Segment Open
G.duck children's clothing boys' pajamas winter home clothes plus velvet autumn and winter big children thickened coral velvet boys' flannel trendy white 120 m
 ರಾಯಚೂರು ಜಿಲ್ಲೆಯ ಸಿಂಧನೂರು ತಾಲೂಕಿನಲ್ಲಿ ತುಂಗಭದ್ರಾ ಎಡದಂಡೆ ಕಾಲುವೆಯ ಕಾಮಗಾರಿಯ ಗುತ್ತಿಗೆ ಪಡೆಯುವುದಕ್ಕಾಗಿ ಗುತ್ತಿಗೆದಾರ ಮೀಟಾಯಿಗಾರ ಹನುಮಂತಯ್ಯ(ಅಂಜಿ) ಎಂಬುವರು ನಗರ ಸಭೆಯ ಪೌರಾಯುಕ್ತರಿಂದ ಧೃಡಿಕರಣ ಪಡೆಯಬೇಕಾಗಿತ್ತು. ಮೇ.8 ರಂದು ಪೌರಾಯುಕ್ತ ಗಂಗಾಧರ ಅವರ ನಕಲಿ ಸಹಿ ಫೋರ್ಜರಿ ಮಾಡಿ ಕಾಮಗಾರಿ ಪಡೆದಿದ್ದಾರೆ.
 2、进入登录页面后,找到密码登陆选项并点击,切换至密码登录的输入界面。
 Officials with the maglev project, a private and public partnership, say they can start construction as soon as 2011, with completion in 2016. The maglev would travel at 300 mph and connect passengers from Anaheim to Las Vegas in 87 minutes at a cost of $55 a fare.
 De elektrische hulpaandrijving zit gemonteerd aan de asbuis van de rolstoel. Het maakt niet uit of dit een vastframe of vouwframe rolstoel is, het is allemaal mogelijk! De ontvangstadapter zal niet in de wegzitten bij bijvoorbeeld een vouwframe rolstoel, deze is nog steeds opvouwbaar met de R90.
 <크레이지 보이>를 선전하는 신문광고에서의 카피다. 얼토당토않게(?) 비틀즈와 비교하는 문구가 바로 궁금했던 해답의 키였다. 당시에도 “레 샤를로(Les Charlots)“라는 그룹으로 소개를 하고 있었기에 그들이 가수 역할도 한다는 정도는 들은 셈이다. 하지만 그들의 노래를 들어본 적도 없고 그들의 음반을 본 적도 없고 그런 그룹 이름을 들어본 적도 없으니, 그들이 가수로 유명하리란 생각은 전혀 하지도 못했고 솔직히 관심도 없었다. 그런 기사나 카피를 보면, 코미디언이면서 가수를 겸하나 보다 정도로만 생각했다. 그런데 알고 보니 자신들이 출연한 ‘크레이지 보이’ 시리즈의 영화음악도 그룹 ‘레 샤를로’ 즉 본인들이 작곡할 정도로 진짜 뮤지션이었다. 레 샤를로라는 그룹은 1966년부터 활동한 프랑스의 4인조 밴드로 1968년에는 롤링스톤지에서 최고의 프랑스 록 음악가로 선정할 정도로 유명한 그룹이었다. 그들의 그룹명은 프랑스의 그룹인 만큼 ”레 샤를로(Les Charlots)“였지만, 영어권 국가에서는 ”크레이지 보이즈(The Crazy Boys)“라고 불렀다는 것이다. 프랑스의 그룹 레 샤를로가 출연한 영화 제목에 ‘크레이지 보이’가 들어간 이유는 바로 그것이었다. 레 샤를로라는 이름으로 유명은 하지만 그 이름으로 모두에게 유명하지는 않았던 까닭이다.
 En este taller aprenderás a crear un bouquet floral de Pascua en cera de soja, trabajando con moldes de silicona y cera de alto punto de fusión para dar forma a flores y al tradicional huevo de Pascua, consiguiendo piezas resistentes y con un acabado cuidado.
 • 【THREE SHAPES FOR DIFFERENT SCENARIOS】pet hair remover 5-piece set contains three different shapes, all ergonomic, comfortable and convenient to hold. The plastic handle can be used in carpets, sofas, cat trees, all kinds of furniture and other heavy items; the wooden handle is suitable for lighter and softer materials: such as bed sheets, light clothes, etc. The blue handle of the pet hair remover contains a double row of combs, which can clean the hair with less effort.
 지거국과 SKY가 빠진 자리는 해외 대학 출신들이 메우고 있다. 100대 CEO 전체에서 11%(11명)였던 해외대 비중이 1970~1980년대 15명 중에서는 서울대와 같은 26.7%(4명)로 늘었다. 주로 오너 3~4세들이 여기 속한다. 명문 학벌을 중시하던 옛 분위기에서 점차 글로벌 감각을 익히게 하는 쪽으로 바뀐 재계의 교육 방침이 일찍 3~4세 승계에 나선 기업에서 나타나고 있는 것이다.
Segment Closed
▶ [Work order] Collect each line above holding the string "with".

▶ [Task result]
 Officials with the maglev project, a private and public partnership, say they can start construction as soon as 2011, with completion in 2016. The maglev would travel at 300 mph and connect passengers from Anaheim to Las Vegas in 87 minutes at a cost of $55 a fare.
 • 【THREE SHAPES FOR DIFFERENT SCENARIOS】pet hair remover 5-piece set contains three different shapes, all ergonomic, comfortable and convenient to hold. The plastic handle can be used in carpets, sofas, cat trees, all kinds of furniture and other heavy items; the wooden handle is suitable for lighter and softer materials: such as bed sheets, light clothes, etc. The blue handle of the pet hair remover contains a double row of combs, which can clean the hair with less effort.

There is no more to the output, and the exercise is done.